The behaviour I?m talking about I?ve actually pinned down to CodeGenPrepare
not working too well with ISA?s that don?t have a good scaled load. I have a
patch to fix it that is going through performance testing now.

Your testcase seems specific to x86 ? for aarch64 we get the rather spiffy:

_Z3fooPii:                              // @_Z3fooPii

// BB#0:                                // %entry

                add        w8, w1, #1              // =1

                add        w9, w1, #2              // =2

                ldr           w8, [x0, w8, sxtw #2]

                ldr           w9, [x0, w9, sxtw #2]

                add        w8, w9, w8

                str           w8, [x0, w1, sxtw #2]

                ret

The sext can be matched as part of the addressing mode for AArch64 ? maybe
it?s something in codegenprepare for x86 going awry?

Cheers,

James

From: Sanjay Patel [mailto:spatel at rotateright.com] 
Sent: 26 June 2014 18:11
To: Manjunath DN
Cc: James Molloy; llvmdev at cs.uiuc.edu
Subject: Re: [LLVMdev] Contributing the Apple ARM64 compiler backend

>> We've also seen similar instances where multiple registers are used to
compute very similar
>> addresses (such as x+0 and x+4!) and this increases register pressure.

I don't have an ARM enabled build of the tools to test with, but I suspect
what I'm seeing here:
http://llvm.org/bugs/show_bug.cgi?id=20134

...would also be bad on AArch64.

On Wed, Jun 25, 2014 at 8:58 PM, Manjunath DN <manjunath.dn at gmail.com>
wrote:

HI James,

Thanks for your reply and hints on what can be done for the Aarch64 backend
optimization for llvm

We have SPEC license and v8 hardware. So I will start looking into it

warm regards

Manjunath

On Wed, Jun 25, 2014 at 8:42 PM, James Molloy <james.molloy at arm.com> wrote:

Hi Manjunath,

At the time of writing that status we had only done our initial analysis.
This was done without real hardware and attempted to identify poor code
sequences but we were unable to quantify how much effect this would actually
have.

Since then we've done more analysis using Cortex-A57 and Cortex-A53 on an
internal development platform.

For SPEC, we are between 10% and 0% behind GCC on 9 benchmarks, and 25%
ahead on one benchmark. Most benchmarks are less than 5% behind GCC.
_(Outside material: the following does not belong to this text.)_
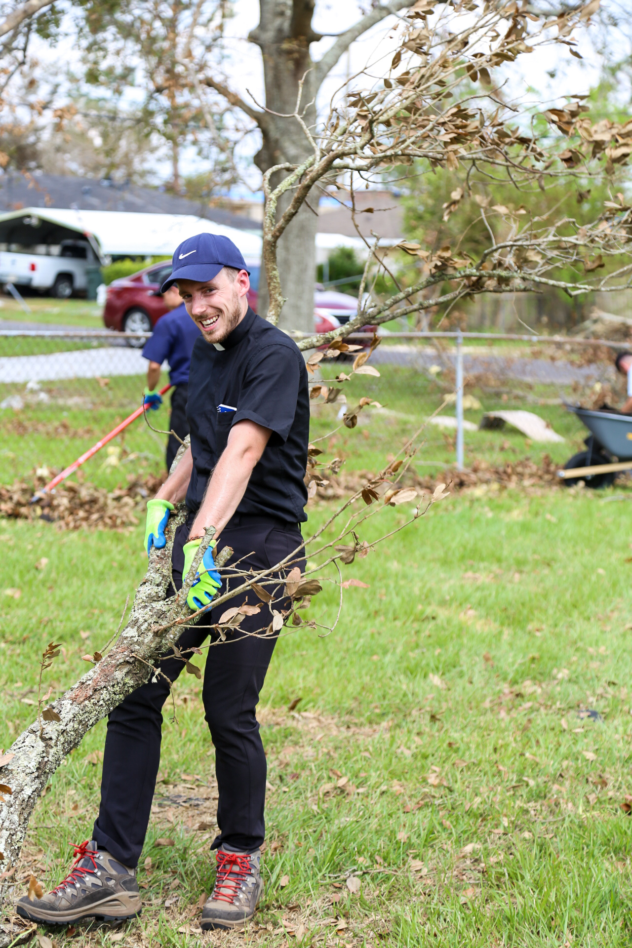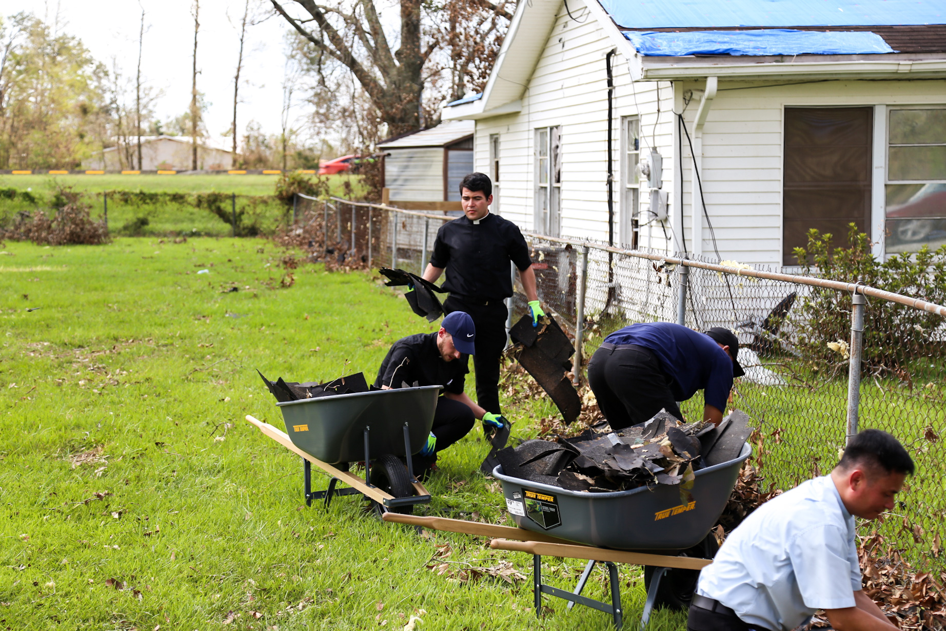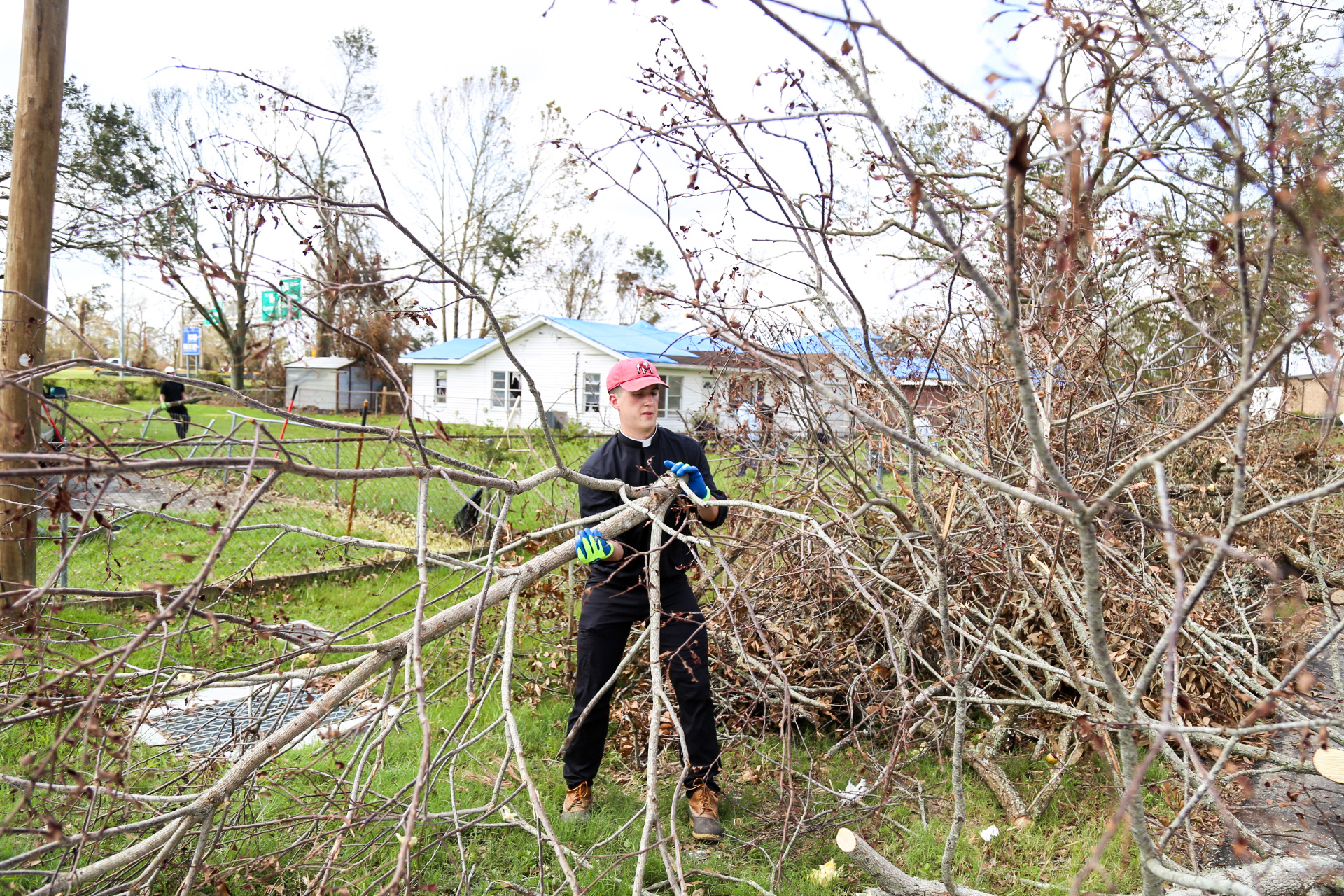 Above and below: Seminarians assisting with the Notre Dame Seminary Catholic Relief effort help clean up debris in the yards of the homebound in the Diocese of Lake Charles. The "mission trip" was organized following the devastating Category 4 Hurricane Laura that destroyed many homes, businesses, churches and schools in Southwest Louisiana as it made landfall on August 27.

Because of the licencing of SPEC, I have to be quite restricted in what I
say and I can't give any numbers - sorry about that.

We are focussing on Cortex-A57, and the things we've identified so far are:
  * The CSEL instruction behaves worse than the equivalent branch structure
in at least one benchmark. In an out of order core, select-like instructions
are going to be slower than their branched equivalent if the branch is
predictable due to CSEL having two dependencies.
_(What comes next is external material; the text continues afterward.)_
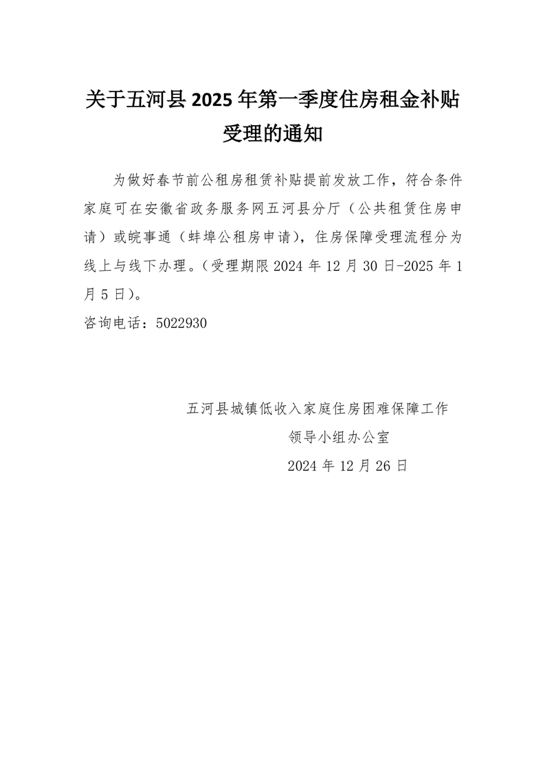 关于五河县2025年第一季度住房租金补贴受理的通知

  * Redundant calculations inside if conditions. We've seen:
    1. "if (a[x].b < c[y].d || a[x].e > c[y].f)" - the calculations of a[x]
and c[y] are repeated, when they are common. We've also seen similar
instances where multiple registers are used to compute very similar
addresses (such as x+0 and x+4!) and this increases register pressure.
    2. "if (a < 0 && b == c || a > 0 && b == d)" - the first comparison of
'a' against zero is done twice, when the flag results of the first
comparison could be used for the second comparison.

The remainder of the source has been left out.